Material for the task:
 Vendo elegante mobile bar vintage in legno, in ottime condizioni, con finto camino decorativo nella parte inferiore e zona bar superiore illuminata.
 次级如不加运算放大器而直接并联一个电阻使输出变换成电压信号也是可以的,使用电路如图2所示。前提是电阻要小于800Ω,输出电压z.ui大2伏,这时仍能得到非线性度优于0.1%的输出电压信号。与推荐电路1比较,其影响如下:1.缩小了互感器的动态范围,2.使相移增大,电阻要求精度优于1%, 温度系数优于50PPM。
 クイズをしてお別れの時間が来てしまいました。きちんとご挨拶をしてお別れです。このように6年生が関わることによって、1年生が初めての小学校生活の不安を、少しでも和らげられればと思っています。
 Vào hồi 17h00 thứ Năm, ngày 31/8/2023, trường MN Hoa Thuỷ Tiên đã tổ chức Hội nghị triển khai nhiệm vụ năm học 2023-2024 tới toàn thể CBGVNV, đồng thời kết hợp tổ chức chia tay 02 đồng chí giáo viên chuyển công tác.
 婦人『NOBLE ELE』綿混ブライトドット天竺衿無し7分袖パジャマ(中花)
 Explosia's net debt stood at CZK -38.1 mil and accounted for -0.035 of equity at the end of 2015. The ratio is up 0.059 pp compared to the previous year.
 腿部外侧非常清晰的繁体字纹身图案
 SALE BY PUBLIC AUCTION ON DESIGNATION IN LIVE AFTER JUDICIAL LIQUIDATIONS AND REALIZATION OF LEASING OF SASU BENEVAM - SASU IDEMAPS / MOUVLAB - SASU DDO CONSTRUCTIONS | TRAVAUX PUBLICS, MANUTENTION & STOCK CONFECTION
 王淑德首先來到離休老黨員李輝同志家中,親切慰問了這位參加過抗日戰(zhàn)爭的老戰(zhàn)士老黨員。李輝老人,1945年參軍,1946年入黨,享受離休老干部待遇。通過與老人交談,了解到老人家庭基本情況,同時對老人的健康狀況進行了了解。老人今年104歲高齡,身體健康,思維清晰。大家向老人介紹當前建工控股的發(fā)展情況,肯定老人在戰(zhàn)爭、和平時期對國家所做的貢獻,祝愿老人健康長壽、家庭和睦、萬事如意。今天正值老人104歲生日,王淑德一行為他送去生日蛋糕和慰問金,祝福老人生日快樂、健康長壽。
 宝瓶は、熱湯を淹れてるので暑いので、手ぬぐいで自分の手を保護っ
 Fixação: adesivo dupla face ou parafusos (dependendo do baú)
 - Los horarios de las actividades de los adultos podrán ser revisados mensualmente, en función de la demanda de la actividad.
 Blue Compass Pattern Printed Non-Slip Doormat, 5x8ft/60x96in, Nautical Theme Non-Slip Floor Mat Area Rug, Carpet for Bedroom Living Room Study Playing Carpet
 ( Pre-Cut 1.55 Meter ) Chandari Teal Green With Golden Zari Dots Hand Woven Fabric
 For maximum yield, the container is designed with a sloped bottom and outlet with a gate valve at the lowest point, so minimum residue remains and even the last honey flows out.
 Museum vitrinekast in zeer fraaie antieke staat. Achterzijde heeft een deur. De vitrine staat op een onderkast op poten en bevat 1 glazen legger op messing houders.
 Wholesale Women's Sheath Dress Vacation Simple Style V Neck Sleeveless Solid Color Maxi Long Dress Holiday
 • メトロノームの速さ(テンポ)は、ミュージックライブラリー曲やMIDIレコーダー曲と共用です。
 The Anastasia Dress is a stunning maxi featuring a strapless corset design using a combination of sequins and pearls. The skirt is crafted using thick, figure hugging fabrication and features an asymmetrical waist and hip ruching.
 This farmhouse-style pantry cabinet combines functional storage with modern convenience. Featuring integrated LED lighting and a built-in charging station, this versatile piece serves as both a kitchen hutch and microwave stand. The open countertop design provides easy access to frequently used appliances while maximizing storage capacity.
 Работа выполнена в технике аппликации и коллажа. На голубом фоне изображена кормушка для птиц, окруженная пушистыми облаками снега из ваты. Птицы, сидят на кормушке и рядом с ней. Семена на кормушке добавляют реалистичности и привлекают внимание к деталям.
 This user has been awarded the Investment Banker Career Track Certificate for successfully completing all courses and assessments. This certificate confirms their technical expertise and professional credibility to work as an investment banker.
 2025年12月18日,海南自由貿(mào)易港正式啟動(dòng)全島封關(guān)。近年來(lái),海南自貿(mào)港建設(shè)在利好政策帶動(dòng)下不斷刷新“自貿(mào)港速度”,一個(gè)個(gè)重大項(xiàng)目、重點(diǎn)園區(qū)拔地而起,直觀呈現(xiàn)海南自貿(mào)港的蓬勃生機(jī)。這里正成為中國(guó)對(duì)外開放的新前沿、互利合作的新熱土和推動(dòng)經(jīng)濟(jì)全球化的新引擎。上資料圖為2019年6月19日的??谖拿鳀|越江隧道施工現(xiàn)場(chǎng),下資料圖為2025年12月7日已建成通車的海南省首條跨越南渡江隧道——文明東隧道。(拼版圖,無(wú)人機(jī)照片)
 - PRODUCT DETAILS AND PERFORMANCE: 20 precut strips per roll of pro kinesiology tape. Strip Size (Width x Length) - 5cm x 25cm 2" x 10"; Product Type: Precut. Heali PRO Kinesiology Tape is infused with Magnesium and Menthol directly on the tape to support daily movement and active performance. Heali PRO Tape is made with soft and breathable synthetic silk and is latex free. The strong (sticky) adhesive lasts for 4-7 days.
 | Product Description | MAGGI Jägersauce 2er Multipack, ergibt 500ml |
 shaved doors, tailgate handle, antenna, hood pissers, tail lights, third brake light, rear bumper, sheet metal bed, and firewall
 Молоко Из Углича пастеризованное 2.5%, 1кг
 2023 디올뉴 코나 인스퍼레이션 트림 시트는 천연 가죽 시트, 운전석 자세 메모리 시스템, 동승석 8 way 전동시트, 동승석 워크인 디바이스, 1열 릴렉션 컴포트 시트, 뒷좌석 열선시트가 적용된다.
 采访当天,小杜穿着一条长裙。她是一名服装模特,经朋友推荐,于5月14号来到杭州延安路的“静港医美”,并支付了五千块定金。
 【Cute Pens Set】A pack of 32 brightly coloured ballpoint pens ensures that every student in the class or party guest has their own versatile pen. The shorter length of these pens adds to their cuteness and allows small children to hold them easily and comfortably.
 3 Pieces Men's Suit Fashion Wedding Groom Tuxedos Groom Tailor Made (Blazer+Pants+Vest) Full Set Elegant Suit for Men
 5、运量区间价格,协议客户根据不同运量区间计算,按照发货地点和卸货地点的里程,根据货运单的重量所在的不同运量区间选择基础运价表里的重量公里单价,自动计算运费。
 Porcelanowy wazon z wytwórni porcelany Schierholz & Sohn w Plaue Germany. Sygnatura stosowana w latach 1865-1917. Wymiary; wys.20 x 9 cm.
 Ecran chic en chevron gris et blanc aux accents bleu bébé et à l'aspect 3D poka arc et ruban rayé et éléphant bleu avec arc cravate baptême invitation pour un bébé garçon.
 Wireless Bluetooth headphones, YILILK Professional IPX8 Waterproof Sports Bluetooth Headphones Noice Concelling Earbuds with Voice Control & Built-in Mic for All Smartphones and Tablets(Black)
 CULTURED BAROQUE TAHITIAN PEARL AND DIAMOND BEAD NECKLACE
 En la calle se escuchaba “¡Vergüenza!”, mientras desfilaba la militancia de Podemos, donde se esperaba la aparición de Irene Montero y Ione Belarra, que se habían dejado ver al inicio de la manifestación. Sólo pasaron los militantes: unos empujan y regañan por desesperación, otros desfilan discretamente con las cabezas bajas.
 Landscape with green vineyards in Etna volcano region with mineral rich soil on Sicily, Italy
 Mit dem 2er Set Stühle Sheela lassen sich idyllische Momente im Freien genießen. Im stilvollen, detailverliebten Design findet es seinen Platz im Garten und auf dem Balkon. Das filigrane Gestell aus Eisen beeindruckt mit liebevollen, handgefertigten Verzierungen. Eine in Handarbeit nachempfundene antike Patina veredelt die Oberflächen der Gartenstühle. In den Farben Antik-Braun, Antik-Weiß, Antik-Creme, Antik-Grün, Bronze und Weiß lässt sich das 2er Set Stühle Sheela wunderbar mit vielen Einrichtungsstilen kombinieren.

What to produce:
For each line in the data that holds the word "their", copy the line.

The answer:
 This user has been awarded the Investment Banker Career Track Certificate for successfully completing all courses and assessments. This certificate confirms their technical expertise and professional credibility to work as an investment banker.
 【Cute Pens Set】A pack of 32 brightly coloured ballpoint pens ensures that every student in the class or party guest has their own versatile pen. The shorter length of these pens adds to their cuteness and allows small children to hold them easily and comfortably.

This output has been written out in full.